BIM to be Required on Some Federal Projects

Words: Dan Kamys BIM to be Required on Some Federal Projects


Following in the footsteps of the GSA (General Services Administration) and the U.S. Army Corps of Engineers, the U.S. Air Force is now requiring a Building Information Modeling-based (BIM) design approach for all vertical military construction projects in fiscal year 2011 and beyond.

This week, the U.S. Air Force announced it has signed a blanket purchase agreement with DLT Solutions, Herndon, Va., for access to the complete portfolio of Autodesk, San Rafael, Calif., products.

Today, nearly every civil engineering squadron in the Air Force is using some combination of Autodesk products. The products also are standard for engineering design across the architectural, engineering, and contractor community.

With between 100 and 150 unique projects valued at more than $250 billion, the technology helps operate and maintain the mission-critical portfolio of sustainable assets.

The technology will help connect the entire team working on the project. For example, Air Force personnel dealing with managing building construction, operations, and maintenance will have access to the 3D building models that are being delivered to design contractors.

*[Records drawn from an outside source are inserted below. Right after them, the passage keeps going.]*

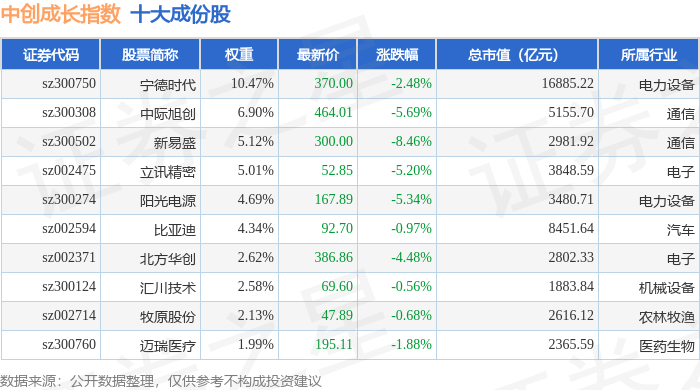资金流向方面,中创成长(399626)指数成份股当日主力资金净流出合计215.27亿元,游资资金净流入合计50.36亿元,散户资金净流入合计164.92亿元。成份股资金流向详情见下表: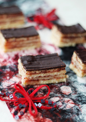 Pane ahi 180 kraadile soojenema. Purusta küpsised köögikombainis, sega suhkru ja võiga ning suru 22×30 cm suuruse koogivormi põhja; aseta külmkappi ootele. Sega täidise ained, vala segu koogipõhjale ja küpseta 180-kraadises ahjus 30-40 minutit. Kuniks täidis küpseb, valmista kate – sega ained kokku. Kalla see küpsenud koogitäidise peale, lisa ahjule pisut...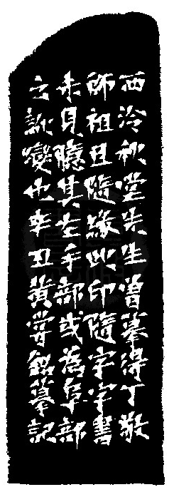 黃嘗銘.六十八歲/刻〔且隨緣〕長方朱文印。邊款為【西泠秋堂先生曾摹得丁敬師祖且隨緣此印,隨字字書未見,臆其左手部或為阜部之訛變也。辛丑,黃嘗銘摹記。】老撾田黃石。自然頂。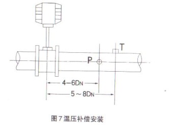 溫度壓力補償安裝:P-壓力變送器,T-溫度傳感器,安裝在后直管段上,見圖7。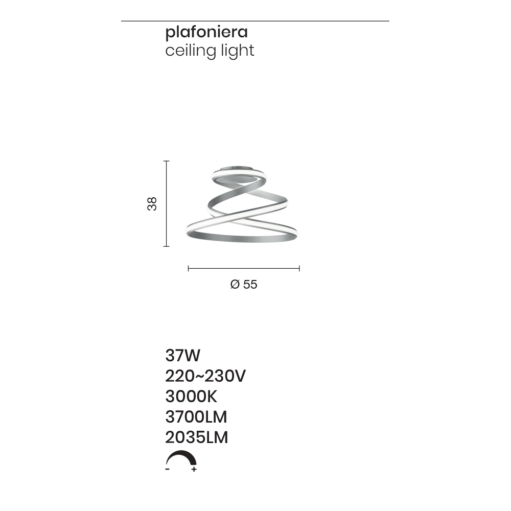 Ceiling light with white painted metal structure complete with LED light source . A dynamic and modern design capable of recreating the sensation of a spinning ribbon, thus enriching the value and aesthetics of the product. This sensation of movement becomes its strong point and allows it to gain the centre of attention within domestic or contract environments with a contemporary and avant-garde style. Modern LED technology also ensures quality lighting, completing the lamp and making it an optimal complement for those looking for functionality and design in a single product.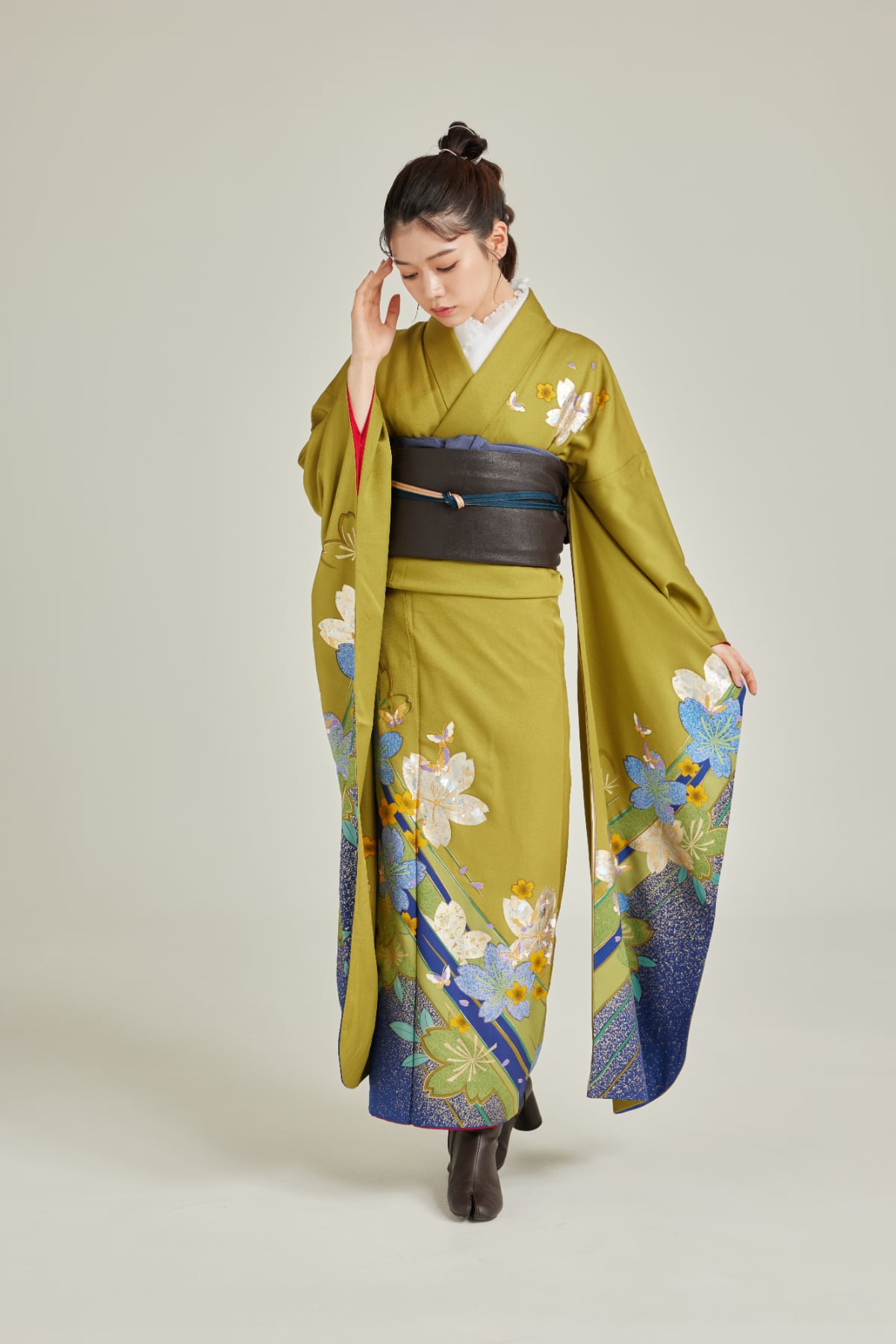 振袖/帯/帯揚げ/帯締め/足袋ブーツ/長襦袢/肌襦袢/足袋ソックス/衿芯/肌襦袢/腰紐×4/伊達締め×2/帯枕/三重仮紐/コーリンベルト/前板/後板/脱脂綿/ガーゼ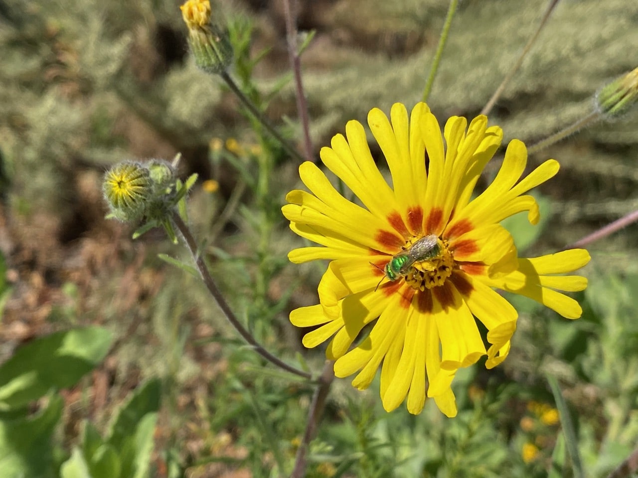 I watch a male taking nectar from a tarweed flowerhead…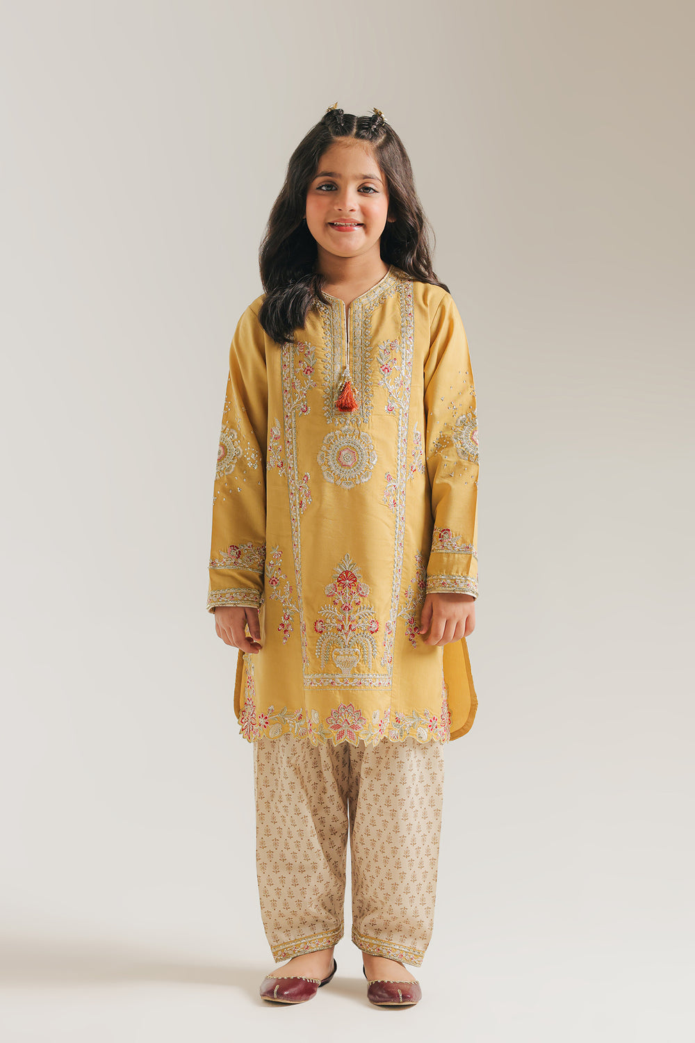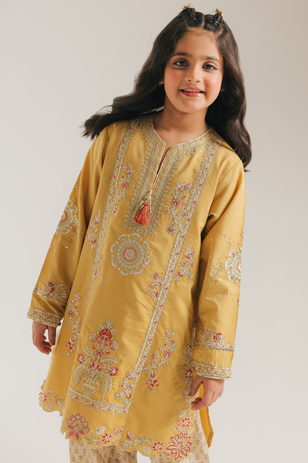 Elevate your Kids ethnic wardrobe with this exquisitely crafted embroidered suit. The kurta showcases intricate Resham silk thread work and delicate floral embroidery in harmonious shades of pink, white, and sage green, anchored by a vibrant orange tassel at the neckline. The sophisticated scalloped hem adds refined detailing that speaks to superior craftsmanship. Paired with cream-colored shalwar bottoms featuring a subtle repeating floral print, this ensemble achieves perfect balance.

From the GSA, to the Army, to the Air Force, several arms of government are using technology today to enable improved workflows across construction projects and facilities operations.

Organizations working with the government also find technology can help save a significant amount of time on typical facility-management tasks. Take for example, the Navy Federal Credit Union, Vienna, Va., a personal credit union, which serves all Dept. of Defense military and civilian personnel and their families.

The company had previously tracked activities using disparate spreadsheets, which made analysis and planning of future branches challenging. As the Navy Federal began to grow, it knew it needed a system to help share information between all the various construction and maintenance groups.

The company selected facility-management software from Skire, Menlo Park, Calif. Using in-house resources, the Navy Federal was able to go live in just 14 weeks.

The software has a time savings of more than 80 percent. Rent projection reports that used to take four days now only takes four hours, and lease reports that used to take one to two weeks now only take four hours. The company is also able to audit and control the use of space in the branches and reduce the number of help desk calls since the information is available readily online.

The government is typically on the leading-edge when it comes to technology adoption, and those working with the government will find using technology can provide a competitive advantage. Not only that, but in some cases modeling and other technologies are becoming required on government construction projects.